Начиная с 1920-х годов, Валентин Катаев в анкетах и автобиографиях указывал, что служил в Красной Армии командиром батареи. Ещё при жизни писателя за границей был опубликован сборник «Устами Буниных», в котором содержались документы, разоблачающие ложь Катаева и доказывающие, что он служил в Добровольческой армии, но в СССР они остались неизвестны. Уже в наши дни ст. научный сотрудник ИВИ РАН А.А.Немировский восстановил «белую» биографию писателя: в марте 1919 года Валентин Катаев, после занятия Одессы белыми, служил в Добровольческой армии и проделал с ней всю короткую (и неудачную для белых) кампанию, весной-летом 1919-го участвовал в белом подполье в Одессе и ездил по конспиративным делам в Полтаву, после нового занятия Одессы белыми вновь вступил в Добровольческую армию и в сентябре 1919 — январе 1920 командовал башней на бронепоезде «Новороссия», заболел тифом, был эвакуирован в Одессу — и, не вставая с койки, оказался под красными. После выздоровления вновь участвовал в белом подполье, в конце марта или начале апреля 1920-го был арестован ЧК и, просидев под арестом до осени, спасся «чудом».

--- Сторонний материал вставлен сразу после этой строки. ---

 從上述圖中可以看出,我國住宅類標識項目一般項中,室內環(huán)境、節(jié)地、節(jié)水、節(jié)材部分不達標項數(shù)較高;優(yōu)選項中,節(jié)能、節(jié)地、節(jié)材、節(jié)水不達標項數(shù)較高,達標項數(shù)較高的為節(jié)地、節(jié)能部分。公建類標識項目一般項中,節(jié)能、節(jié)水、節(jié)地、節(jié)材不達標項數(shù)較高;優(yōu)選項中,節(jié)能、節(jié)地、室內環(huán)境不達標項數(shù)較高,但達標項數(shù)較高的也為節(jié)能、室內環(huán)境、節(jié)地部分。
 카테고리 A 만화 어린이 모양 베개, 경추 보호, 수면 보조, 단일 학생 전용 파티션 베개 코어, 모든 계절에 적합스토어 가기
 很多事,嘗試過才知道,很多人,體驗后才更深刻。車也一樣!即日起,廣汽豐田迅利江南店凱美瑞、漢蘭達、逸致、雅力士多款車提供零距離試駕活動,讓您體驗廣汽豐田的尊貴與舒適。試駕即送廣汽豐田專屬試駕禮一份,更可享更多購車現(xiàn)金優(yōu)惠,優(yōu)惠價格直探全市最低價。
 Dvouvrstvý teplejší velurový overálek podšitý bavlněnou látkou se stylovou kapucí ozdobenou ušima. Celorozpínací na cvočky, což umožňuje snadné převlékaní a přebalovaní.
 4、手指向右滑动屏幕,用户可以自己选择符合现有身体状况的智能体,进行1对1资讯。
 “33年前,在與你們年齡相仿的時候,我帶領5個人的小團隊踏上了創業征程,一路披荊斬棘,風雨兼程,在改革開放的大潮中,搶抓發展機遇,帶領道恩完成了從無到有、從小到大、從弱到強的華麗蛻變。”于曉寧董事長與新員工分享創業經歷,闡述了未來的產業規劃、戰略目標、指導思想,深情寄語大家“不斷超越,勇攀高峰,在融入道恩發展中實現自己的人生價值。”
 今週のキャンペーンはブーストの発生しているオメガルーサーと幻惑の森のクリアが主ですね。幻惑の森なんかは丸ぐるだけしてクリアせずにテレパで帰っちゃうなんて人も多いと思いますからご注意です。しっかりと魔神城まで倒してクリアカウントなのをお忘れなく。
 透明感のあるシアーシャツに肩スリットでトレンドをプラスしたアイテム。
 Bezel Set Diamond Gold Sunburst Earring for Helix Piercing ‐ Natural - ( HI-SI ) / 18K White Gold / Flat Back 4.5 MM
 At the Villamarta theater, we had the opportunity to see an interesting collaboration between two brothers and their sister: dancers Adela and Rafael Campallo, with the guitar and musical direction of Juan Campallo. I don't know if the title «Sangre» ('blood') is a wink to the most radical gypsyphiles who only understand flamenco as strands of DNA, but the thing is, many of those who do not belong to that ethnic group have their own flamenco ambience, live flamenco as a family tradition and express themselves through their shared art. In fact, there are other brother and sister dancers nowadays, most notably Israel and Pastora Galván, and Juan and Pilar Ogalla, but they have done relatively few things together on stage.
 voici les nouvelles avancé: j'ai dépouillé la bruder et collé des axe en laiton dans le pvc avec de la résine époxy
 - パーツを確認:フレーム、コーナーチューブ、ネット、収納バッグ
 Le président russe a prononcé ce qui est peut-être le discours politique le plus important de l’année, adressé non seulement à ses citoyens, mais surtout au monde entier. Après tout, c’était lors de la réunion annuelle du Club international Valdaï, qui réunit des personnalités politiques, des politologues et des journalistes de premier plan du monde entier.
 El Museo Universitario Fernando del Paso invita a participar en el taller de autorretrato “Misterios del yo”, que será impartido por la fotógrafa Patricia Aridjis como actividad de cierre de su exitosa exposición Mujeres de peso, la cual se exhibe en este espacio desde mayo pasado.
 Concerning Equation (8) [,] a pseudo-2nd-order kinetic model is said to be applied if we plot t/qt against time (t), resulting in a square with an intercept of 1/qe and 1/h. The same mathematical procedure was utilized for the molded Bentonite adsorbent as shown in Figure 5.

Эти факты Катаев скрывал всю советскую жизнь — почти 66 лет. Даже детям и жене о своей борьбе против Советской власти он ни словечком не обмолвился, повторяя им ложь про службу в Красной армии.
Но, кроме Буниных, были и ещё люди, от которых Катаев своего белого добровольчества не скрывал, да и не мог бы скрыть. Их было как минимум двое: младший брат, будущий писатель Евгений Петров, и ближайший друг Юрий Олеша.
Валентин и Евгений Катаевы — примечательное по наглядности опровержение схемы советской литературы 1920-х годов о двух братьях — красном и белом.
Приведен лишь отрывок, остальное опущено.